The advantage of this method is that recursive CTEs are not needed, so it should be faster. (Of course, this is not an advantage if the OP does not agree with the definition.)
The basic idea is to look at the previous date/time value; if it is more than 8 seconds away, then add a flag. The cumulative sum of the flag is the row number you are looking for.
select t.*,
sum(case when prev_dt >= dateandtime - interval '8' second
then 0 else 1
end) over (partition by customerid order by dateandtime
) as row_number
from (select t.*,
max(dateandtime) over (partition by customerid order by dateandtime row between 1 preceding and 1 preceding) as prev_dt
from t
) t;
Using Teradata's PERIOD data type and the awesome td_normalize_overlap_meet:
Consider table test32:
SELECT * FROM test32
+----+----+------------------------+
| f1 | f2 | f3 |
+----+----+------------------------+
| 1 | 2 | 2017-05-11 03:59:00 PM |
| 1 | 3 | 2017-05-11 03:59:01 PM |
| 1 | 4 | 2017-05-11 03:58:58 PM |
| 1 | 5 | 2017-05-11 03:59:26 PM |
| 1 | 2 | 2017-05-11 03:59:28 PM |
| 1 | 2 | 2017-05-11 03:59:46 PM |
+----+----+------------------------+
The following will group your records:
WITH
normalizedCTE AS
(
SELECT *
FROM TABLE
(
td_normalize_overlap_meet(NEW VARIANT_TYPE(periodCTE.f1), periodCTE.fper)
RETURNS (f1 integer, fper PERIOD(TIMESTAMP(0)), recordCount integer)
HASH BY f1
LOCAL ORDER BY f1, fper
) as output(f1, fper, recordcount)
),
periodCTE AS
(
SELECT f1, f2, f3, PERIOD(f3, f3 + INTERVAL '9' SECOND) as fper FROM test32
)
SELECT t2.f1, t2.f2, t2.f3, t1.fper, DENSE_RANK() OVER (PARTITION BY t2.f1 ORDER BY t1.fper) as fgroup
FROM normalizedCTE t1
INNER JOIN periodCTE t2 ON
t1.fper P_INTERSECT t2.fper IS NOT NULL
Results:
+----+----+------------------------+-------------+
| f1 | f2 | f3 | fgroup |
+----+----+------------------------+-------------+
| 1 | 2 | 2017-05-11 03:59:00 PM | 1 |
| 1 | 3 | 2017-05-11 03:59:01 PM | 1 |
| 1 | 4 | 2017-05-11 03:58:58 PM | 1 |
| 1 | 5 | 2017-05-11 03:59:26 PM | 2 |
| 1 | 2 | 2017-05-11 03:59:28 PM | 2 |
| 1 | 2 | 2017-05-11 03:59:46 PM | 3 |
+----+----+------------------------+-------------+
A Period in Teradata is a special data type that holds a date or datetime range. The first parameter is the start of the range and the second is the ending time (up to, but not including which is why it's "+ 9 seconds"). The result is that we get a 8 second time "Period" where each record might "intersect" with another record.
We then use td_normalize_overlap_meet to merge records that intersect, sharing the f1 field's value as the key. In your case that would be customerid. The result is three records for this one customer since we have three groups that "overlap" or "meet" each other's time periods.

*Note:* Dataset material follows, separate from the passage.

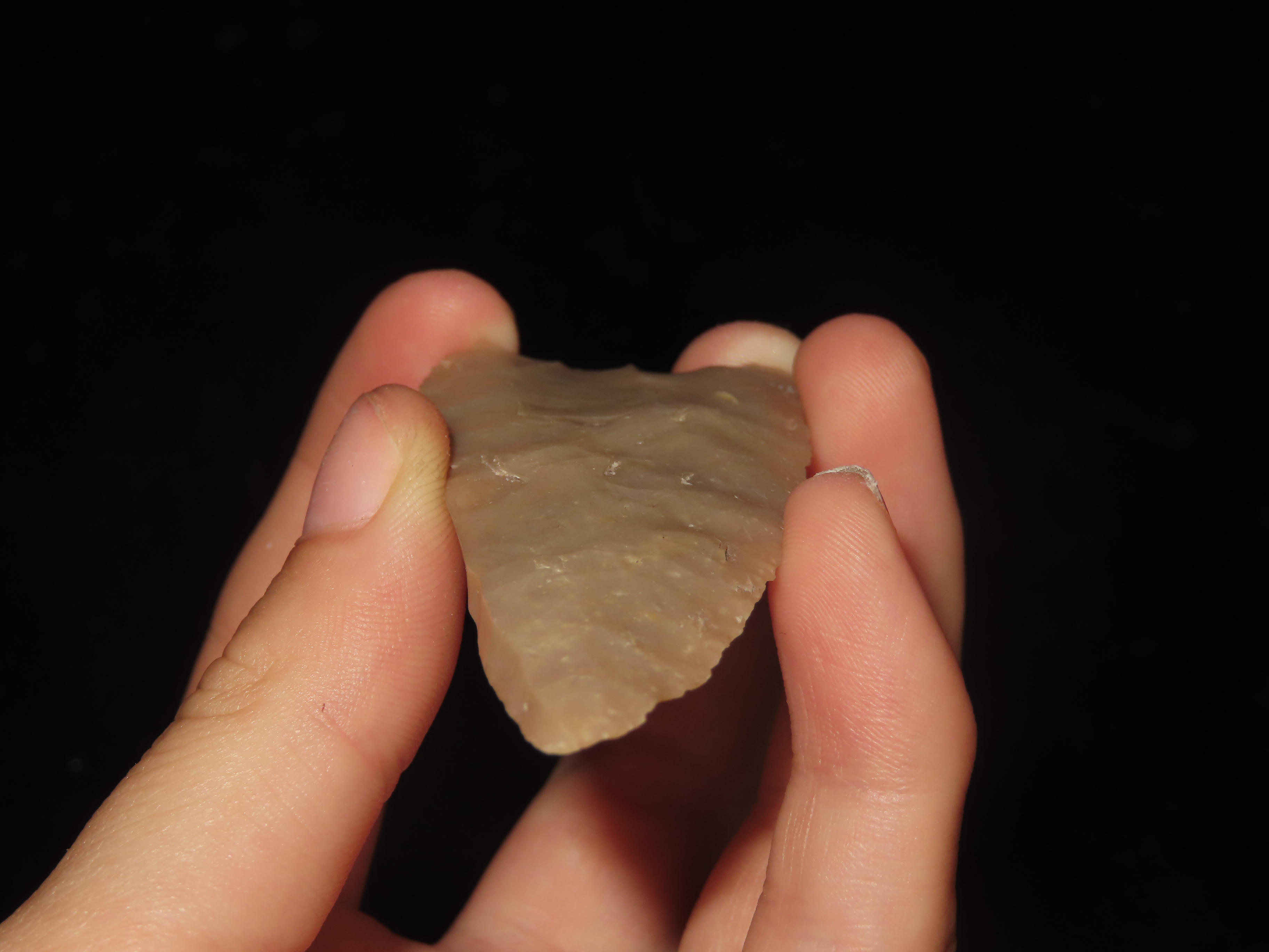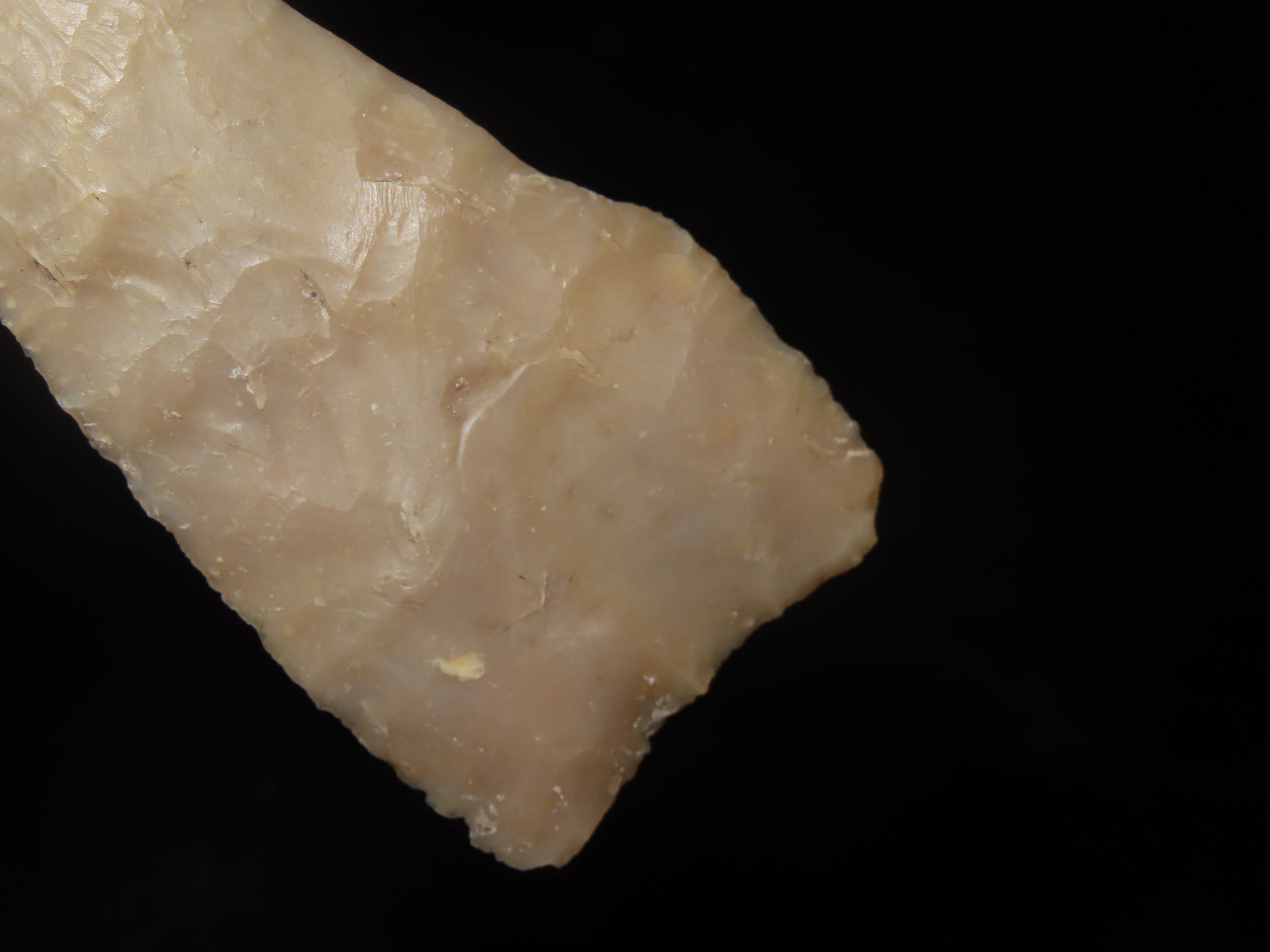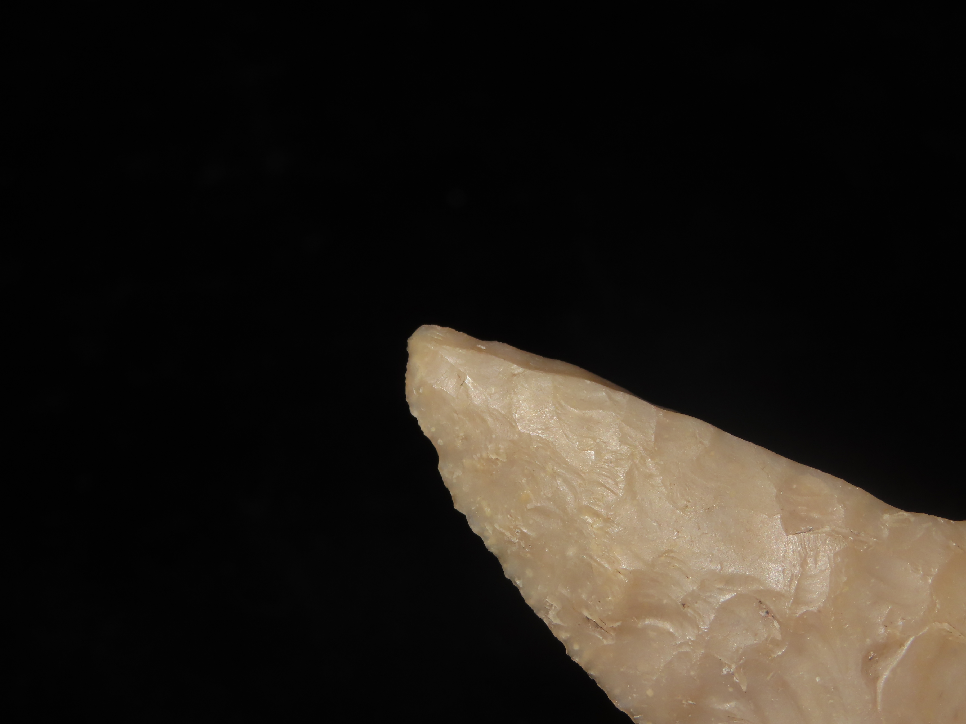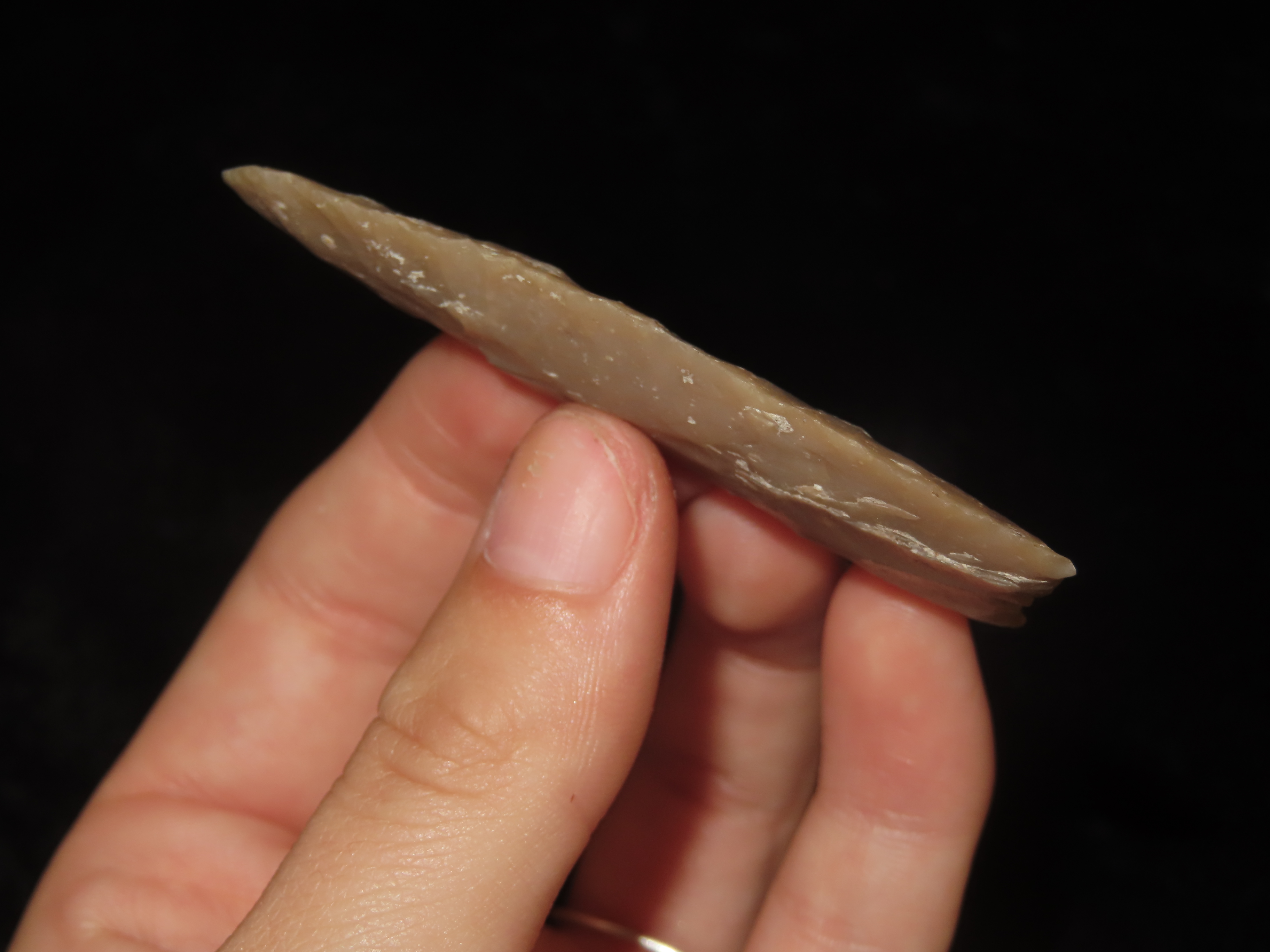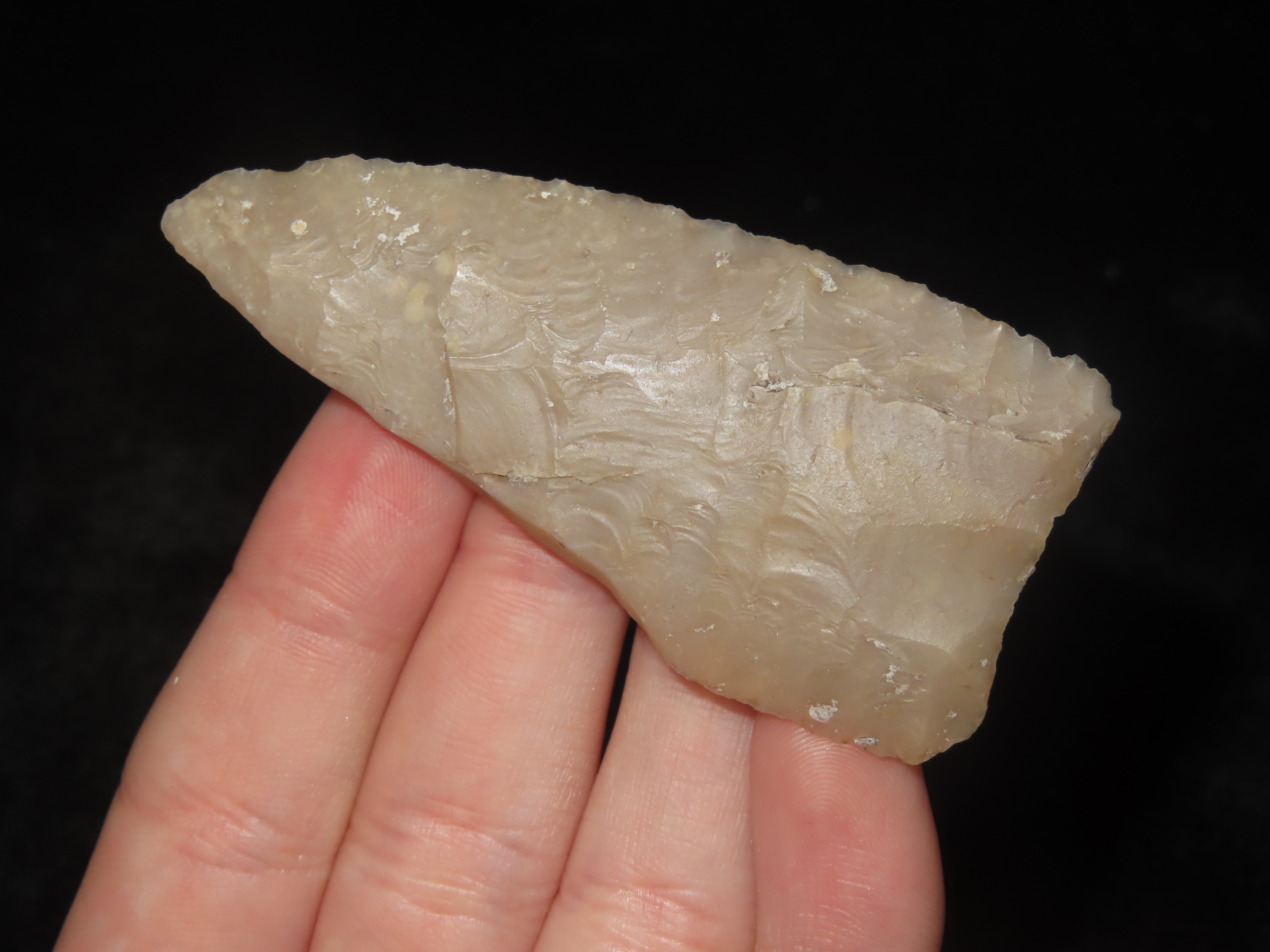 2 5/8″ Plainview, Travis County Texas, Motley COA. Highly Translucent Example, Very thin with Exceptional Flaking, Has an old Evenly Patinated Twist Fracture on One Blade Edge.

We then join the td_normalize_overlap_meet output with the output from when we determined the periods. We use the P_INTERSECT function to see which periods from the normalized CTE INTERSECT with the periods from the initial Period CTE. From the result of that P_INTERSECT join we grab the values we need from each CTE.
Lastly, Dense_Rank() gives us a rank based on the normalized period for each group.